Erika Coppola is at her first Bjerknes Annual Meeting as the newest SAC member at the Bjerknes Centre. This is her first time in a SAC board. Coppola comes from the International Centre for Theoretical Physics in Trieste, Italy. She works on regional climate modeling, particularly leading the high-resolution model development and coordinating the hydrological model research activities. Coppola especially appreciated the wide range of research presented at the annual meeting. 

"The further away from my field, the better. Because they are stimulating my curiosity. I also really enjoyed the work by Dr. Jonathan Rheinlænder about the ice, how thinning ice is transforming sea-ice breakup in the Arctic." 

In need of answers 

Her motivation for research is more understanding. That we need to understand how and why the climate is changing. 

"Now we have reached a point where is it not enough to say that the climate is changing. The frequency of extreme events is increasing, and we need to understand why we see this change in the physics of the event. We must also be able to answer whether climate change is behind different extreme events. The public wants to know if an event like “Boris” in Europe this September was due to climate change and how many such events we can expect in the future", she says. 

Coppola IPCC
Erika Coppola contributed as a lead author to the IPCC sixth assesment report from 2018-2021. Photo: private

She finds these questions very interesting at the moment, because they raise awareness and give understanding for what we should expect. 

Evolution of machine learning 

Coppola started to work on high resolution climate modeling motivated by the need to get a local scale to understand why we have extreme weather events and now she is also working with machine learning to project extreme events at the very local scale. 

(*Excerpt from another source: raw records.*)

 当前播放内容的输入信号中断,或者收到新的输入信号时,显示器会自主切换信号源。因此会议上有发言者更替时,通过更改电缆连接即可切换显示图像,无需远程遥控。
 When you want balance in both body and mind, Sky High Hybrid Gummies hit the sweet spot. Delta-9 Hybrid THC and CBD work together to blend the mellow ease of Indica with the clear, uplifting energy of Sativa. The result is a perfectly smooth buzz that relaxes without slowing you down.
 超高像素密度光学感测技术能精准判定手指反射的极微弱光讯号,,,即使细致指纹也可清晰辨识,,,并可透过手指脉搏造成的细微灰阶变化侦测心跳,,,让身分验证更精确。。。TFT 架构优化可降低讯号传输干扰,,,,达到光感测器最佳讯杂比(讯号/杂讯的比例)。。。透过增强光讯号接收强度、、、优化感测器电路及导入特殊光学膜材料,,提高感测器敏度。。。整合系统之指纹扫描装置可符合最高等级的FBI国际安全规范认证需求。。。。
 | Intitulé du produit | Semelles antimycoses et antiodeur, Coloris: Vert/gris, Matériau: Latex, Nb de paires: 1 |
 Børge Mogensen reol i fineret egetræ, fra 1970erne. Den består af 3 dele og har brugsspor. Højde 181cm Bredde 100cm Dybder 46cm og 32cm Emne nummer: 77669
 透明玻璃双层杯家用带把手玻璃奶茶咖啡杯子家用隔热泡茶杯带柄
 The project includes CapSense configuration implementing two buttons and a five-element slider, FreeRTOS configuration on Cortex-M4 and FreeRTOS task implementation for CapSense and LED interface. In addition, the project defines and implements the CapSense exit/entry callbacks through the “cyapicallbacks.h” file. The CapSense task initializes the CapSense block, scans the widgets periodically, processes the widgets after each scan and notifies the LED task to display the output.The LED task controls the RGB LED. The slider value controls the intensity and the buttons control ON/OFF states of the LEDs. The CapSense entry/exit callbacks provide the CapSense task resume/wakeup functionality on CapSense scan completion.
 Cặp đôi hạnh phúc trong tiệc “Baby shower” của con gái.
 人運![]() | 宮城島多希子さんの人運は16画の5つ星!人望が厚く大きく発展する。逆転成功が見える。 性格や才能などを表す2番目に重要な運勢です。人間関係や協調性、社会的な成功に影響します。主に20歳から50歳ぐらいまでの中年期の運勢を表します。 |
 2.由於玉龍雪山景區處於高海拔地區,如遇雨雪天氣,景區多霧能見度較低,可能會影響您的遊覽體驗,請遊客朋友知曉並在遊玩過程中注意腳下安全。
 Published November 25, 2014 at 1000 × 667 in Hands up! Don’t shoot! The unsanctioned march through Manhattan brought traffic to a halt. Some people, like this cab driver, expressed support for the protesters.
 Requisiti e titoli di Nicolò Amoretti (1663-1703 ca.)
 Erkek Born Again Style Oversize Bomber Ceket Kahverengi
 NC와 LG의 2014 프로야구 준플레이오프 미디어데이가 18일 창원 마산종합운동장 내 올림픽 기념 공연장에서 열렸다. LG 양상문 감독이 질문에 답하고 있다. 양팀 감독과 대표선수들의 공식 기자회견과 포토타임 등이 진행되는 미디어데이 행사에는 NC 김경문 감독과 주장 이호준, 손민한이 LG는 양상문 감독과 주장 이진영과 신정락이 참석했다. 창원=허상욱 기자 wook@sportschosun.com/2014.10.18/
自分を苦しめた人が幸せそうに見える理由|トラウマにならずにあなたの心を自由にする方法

"This goes back to my past. My PhD dissertation was about machine learning. I was developing a new inversion algorithm from satellite data to estimate the perception in Ethiopia and Zambia. I finished in 2003, but at that point, we had issues with computing resources and knowledge when we reached a certain complexity of the machine learning algorithm. At that time, it was not possible. Then I changed my career path, I went into high resolution modeling. Now, I am also back on machine learning, and it is nice to see the evolution." 

Rewarding work 

From 2018 until 2021, Coppola contributed as a lead author for IPCCs Sixth Assessment Report. Her job was to coordinate the assessment of regional climate information across all continents and contribute to the development of an updated IPCC risk assessment framework. 

"It was a very intense experience, but also an experience that helped me broaden my knowledge, vision and understanding. You have to be ready to commit because it is quite demanding in terms of time and involvement. But overall, it was a very positive experience."